MATERIAL SUPPLIED:
****

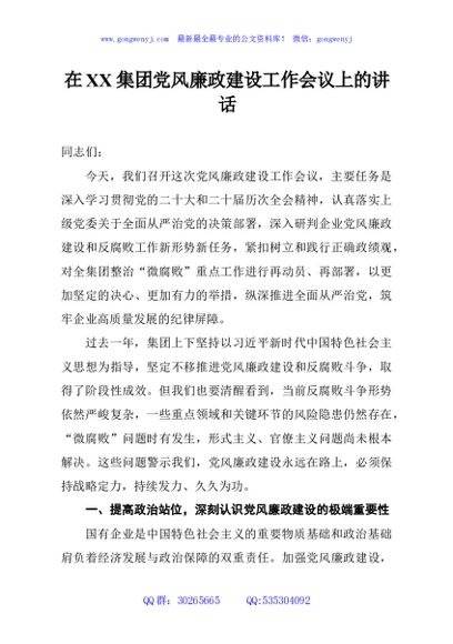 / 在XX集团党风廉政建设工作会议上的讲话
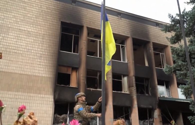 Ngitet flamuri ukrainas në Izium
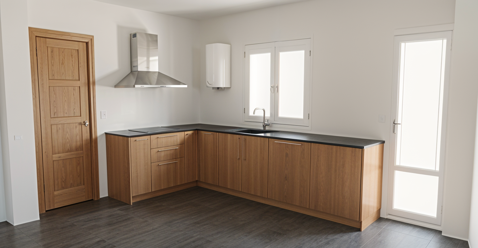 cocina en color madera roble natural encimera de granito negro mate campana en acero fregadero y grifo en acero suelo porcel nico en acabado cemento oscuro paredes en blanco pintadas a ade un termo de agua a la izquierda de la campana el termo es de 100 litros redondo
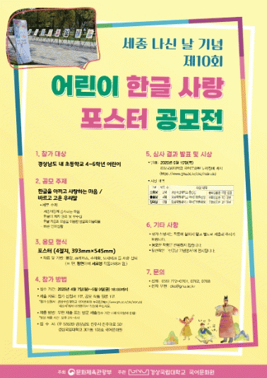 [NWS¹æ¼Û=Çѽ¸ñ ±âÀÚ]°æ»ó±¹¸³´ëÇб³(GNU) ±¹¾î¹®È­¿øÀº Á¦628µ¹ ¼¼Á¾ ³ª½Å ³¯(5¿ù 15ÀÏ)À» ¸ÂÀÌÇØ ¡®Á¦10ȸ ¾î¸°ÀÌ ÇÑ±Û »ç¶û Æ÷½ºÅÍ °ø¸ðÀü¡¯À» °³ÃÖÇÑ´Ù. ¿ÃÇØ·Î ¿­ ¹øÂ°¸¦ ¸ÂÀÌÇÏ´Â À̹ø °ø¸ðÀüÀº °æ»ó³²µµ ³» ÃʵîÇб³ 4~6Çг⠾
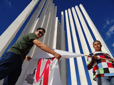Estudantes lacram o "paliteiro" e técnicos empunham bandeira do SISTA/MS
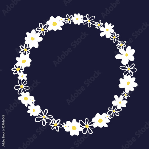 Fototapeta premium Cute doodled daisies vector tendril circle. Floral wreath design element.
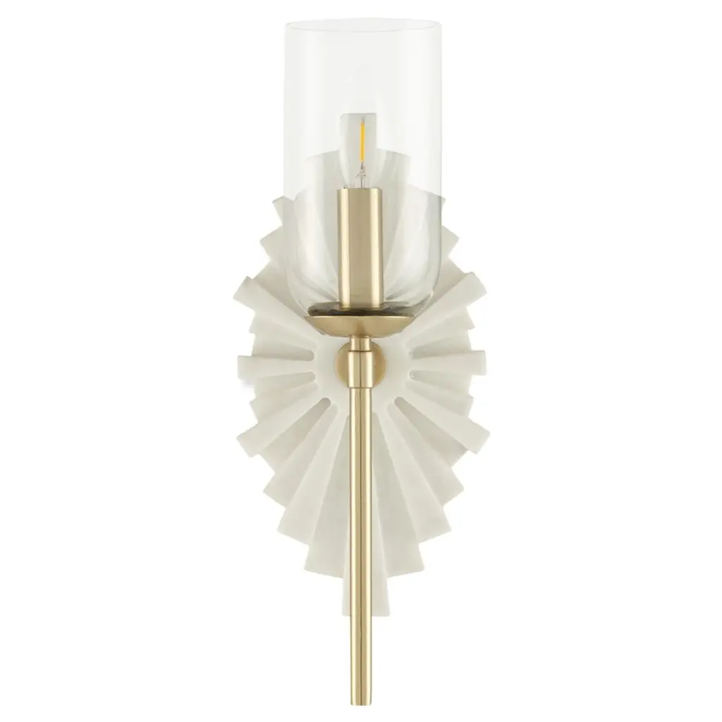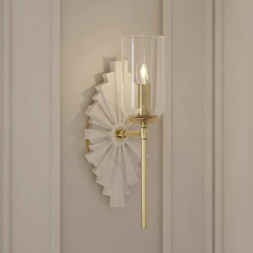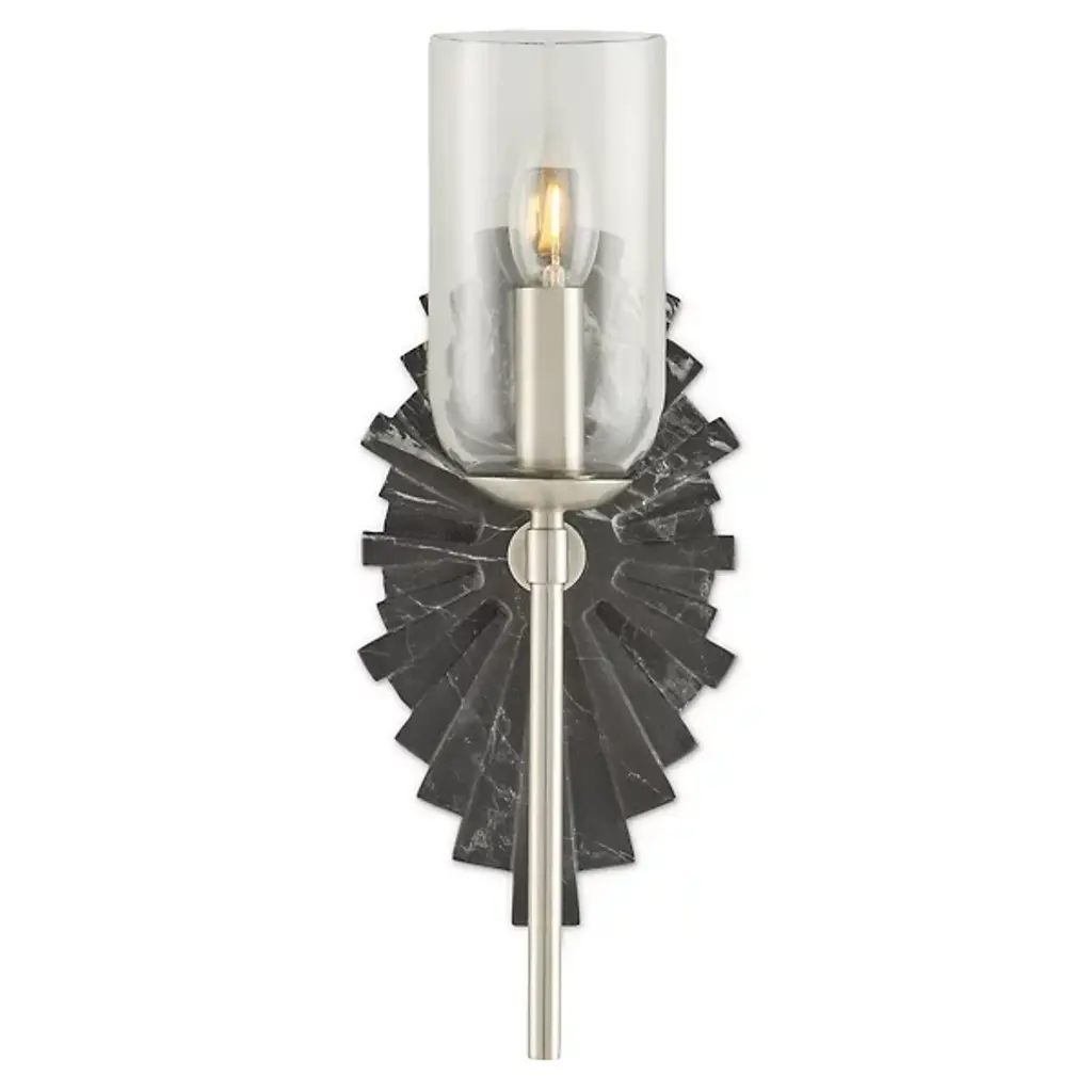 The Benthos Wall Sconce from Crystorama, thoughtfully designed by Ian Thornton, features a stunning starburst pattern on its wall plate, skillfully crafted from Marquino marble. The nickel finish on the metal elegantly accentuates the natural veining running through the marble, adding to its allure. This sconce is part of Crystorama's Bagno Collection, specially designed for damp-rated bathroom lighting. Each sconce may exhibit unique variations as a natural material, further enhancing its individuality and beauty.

****

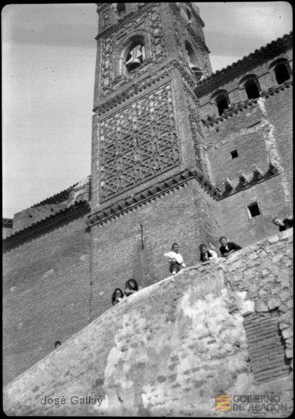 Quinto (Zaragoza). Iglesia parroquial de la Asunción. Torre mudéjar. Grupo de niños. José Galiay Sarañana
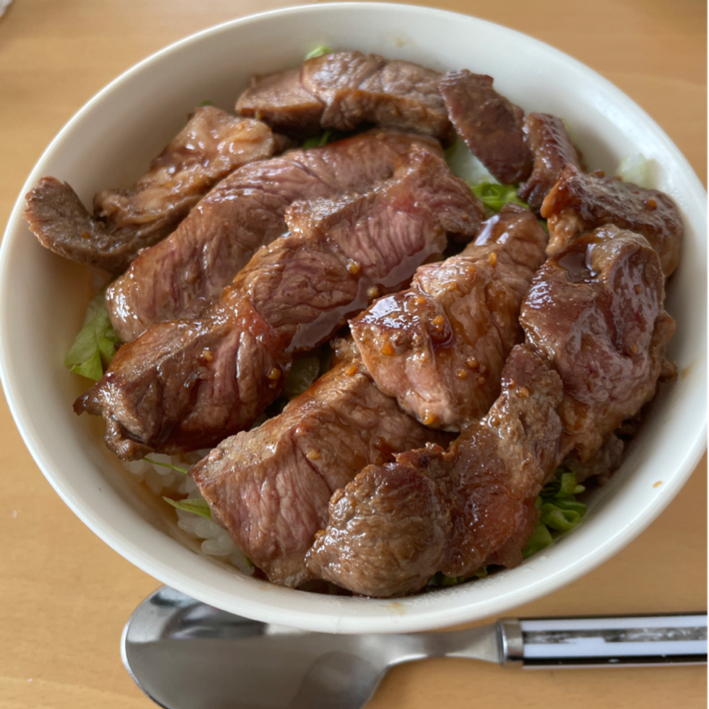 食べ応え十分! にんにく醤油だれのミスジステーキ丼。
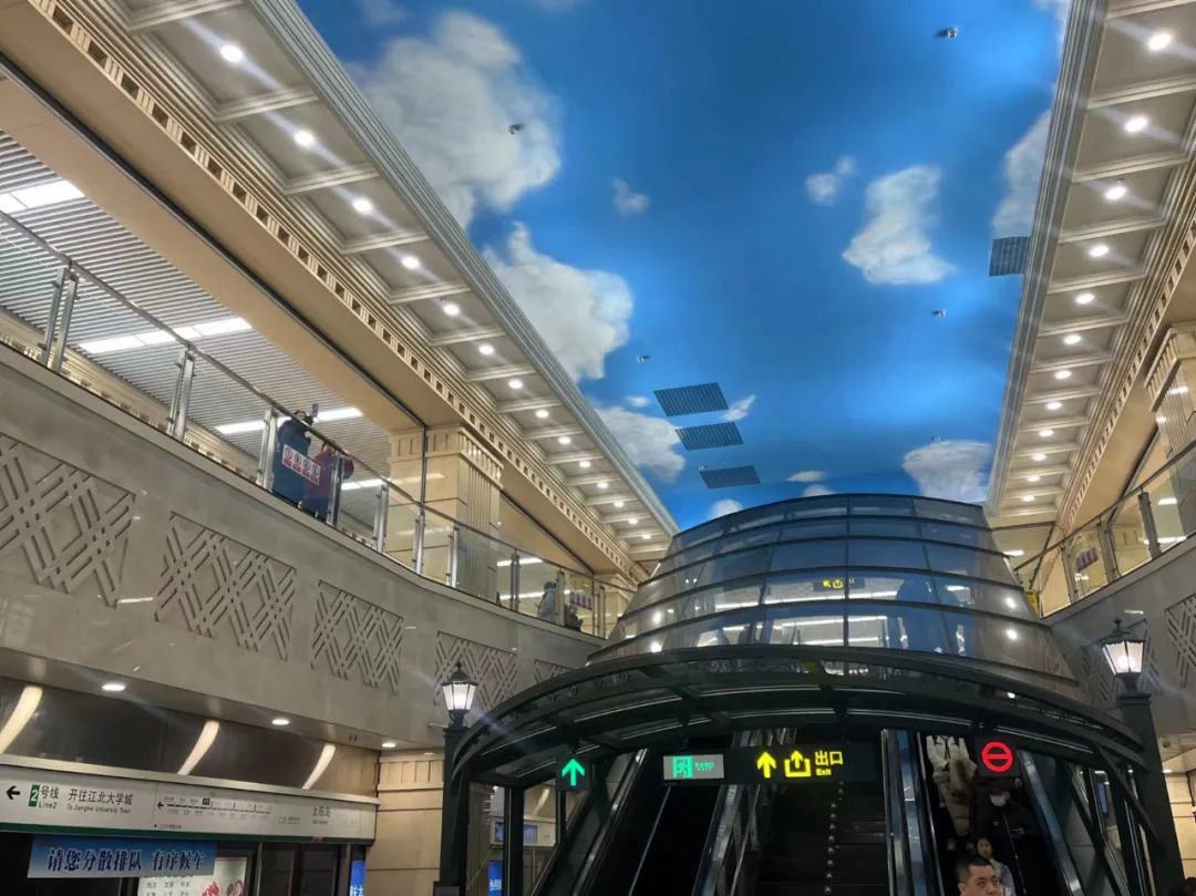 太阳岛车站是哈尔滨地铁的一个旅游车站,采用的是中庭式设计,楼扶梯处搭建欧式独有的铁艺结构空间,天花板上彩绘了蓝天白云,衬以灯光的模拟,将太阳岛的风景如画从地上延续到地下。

****

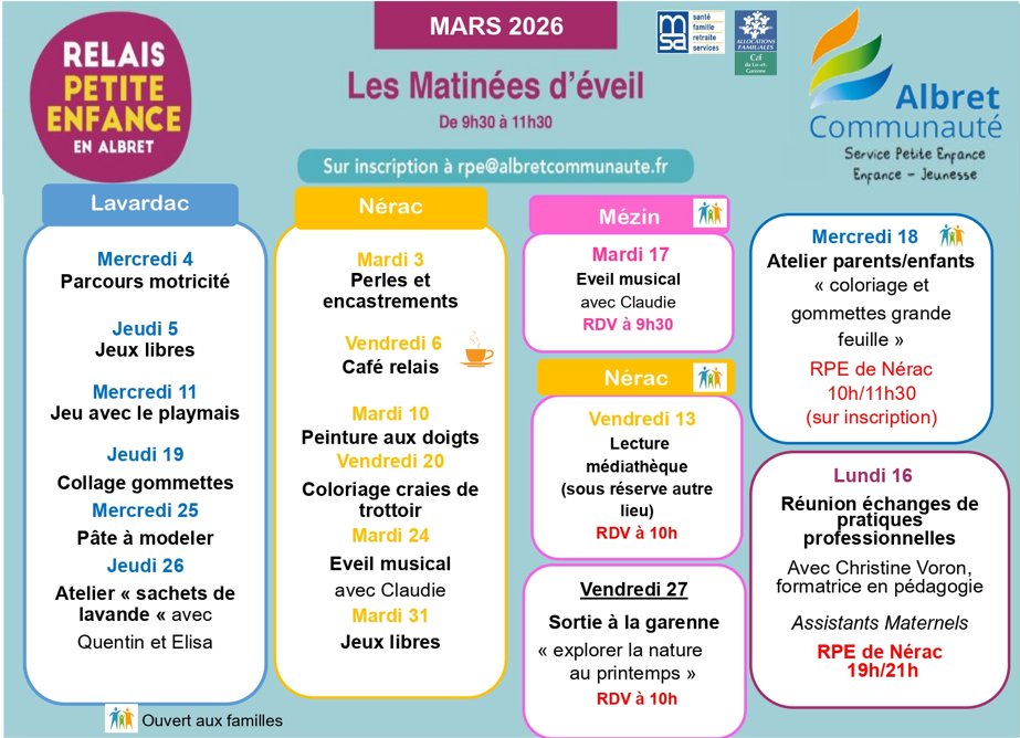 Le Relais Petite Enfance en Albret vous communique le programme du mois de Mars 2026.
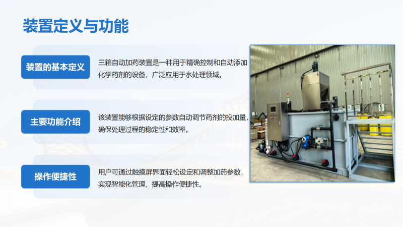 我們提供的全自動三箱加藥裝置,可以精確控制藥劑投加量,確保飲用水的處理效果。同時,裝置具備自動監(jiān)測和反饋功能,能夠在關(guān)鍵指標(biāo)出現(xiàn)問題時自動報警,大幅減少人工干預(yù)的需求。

****

GOAL OF THE EXERCISE:
Please print the lines above word for word, starting at the one with "Á¦628µ¹ ¼¼Á¾ ³ª½Å" and ending at the one with "Fototapeta premium Cute", both included, and without any picture.

RESULT BELOW:
 [NWS¹æ¼Û=Çѽ¸ñ ±âÀÚ]°æ»ó±¹¸³´ëÇб³(GNU) ±¹¾î¹®È­¿øÀº Á¦628µ¹ ¼¼Á¾ ³ª½Å ³¯(5¿ù 15ÀÏ)À» ¸ÂÀÌÇØ ¡®Á¦10ȸ ¾î¸°ÀÌ ÇÑ±Û »ç¶û Æ÷½ºÅÍ °ø¸ðÀü¡¯À» °³ÃÖÇÑ´Ù. ¿ÃÇØ·Î ¿­ ¹øÂ°¸¦ ¸ÂÀÌÇÏ´Â À̹ø °ø¸ðÀüÀº °æ»ó³²µµ ³» ÃʵîÇб³ 4~6Çг⠾
Estudantes lacram o "paliteiro" e técnicos empunham bandeira do SISTA/MS
 Fototapeta premium Cute doodled daisies vector tendril circle. Floral wreath design element.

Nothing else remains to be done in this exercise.